One of the few times I've knowingly hallucinated happened in college, when I'd been awake three or four nights at the end of a term.
It was a combination of responsibilities and partying. Our academic workload was unusually rigorous, so that the demands for final papers and presentations were strenuous. There was my work on the school arts & letters magazine. There was a late-night radio show. I was tasked by committee with drafting a particularly arduous faculty evaluation. And I was heavy into demonstrative Jack Daniels as my then-characteristic social pose.
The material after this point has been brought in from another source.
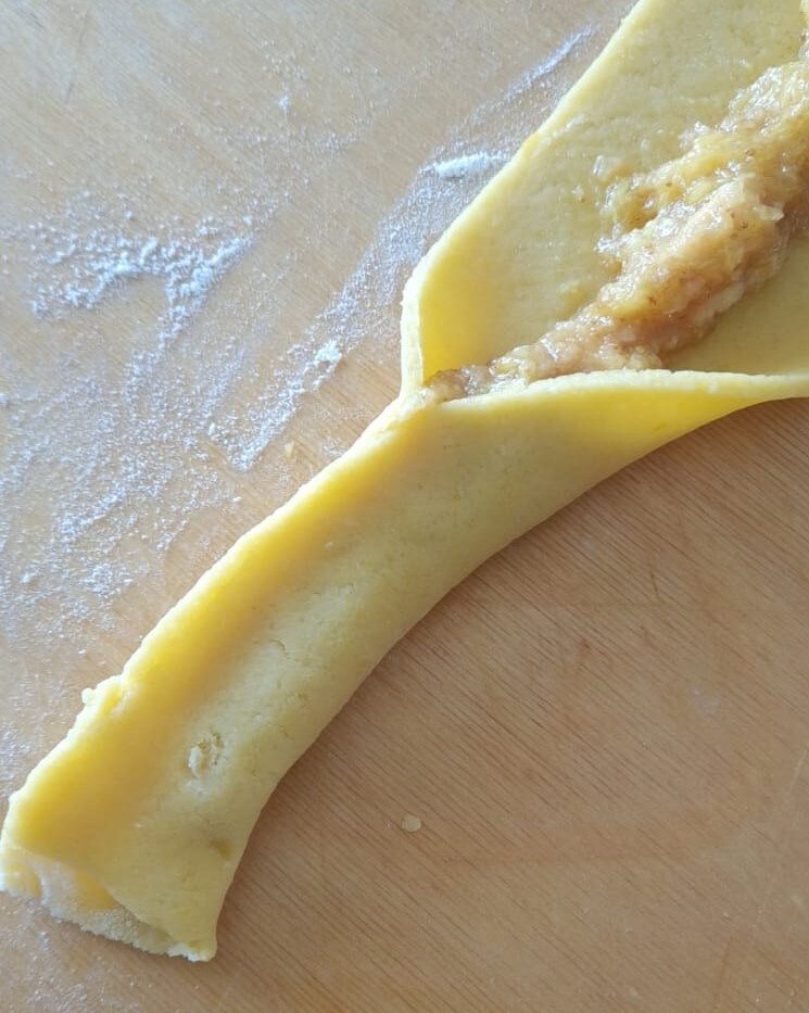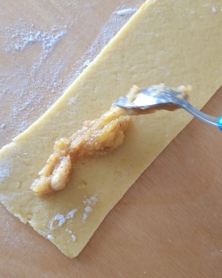 Neem het mengsel en plaats het op de eerste strook, laat een paar cm van de rand vrij, vouw dan de strook over zichzelf heen, zodat je een gevulde rol krijgt.

It happened during a break, in an empty dorm lobby. In that tired way I began contemplating the stucco patterns on the face of the cinderblock walls. To my astonishment they began moving, forming themselves into fully-articulated real-life shapes which I knew perfectly well were imaginary, yet which had the full definition of, say, animated cartoons. There was a basketball player leaping and spinning, grabbing rebounds, hanging from the hoop. There was a ballerina gracefully turning, fingers and toes pointed, neck craned like a swan from Swan Lake. I watched with great fascination, head spinning, until fatigue threatened to throw me into full sleep then and there.
Nothing as vivid as that has happened since. But to this day if I find myself fascinated by mundane surfaces, for instance the pattern of islands and clouds in the very-white wall across from my desk here at work, I realize that's a clue I'm not sleeping enough.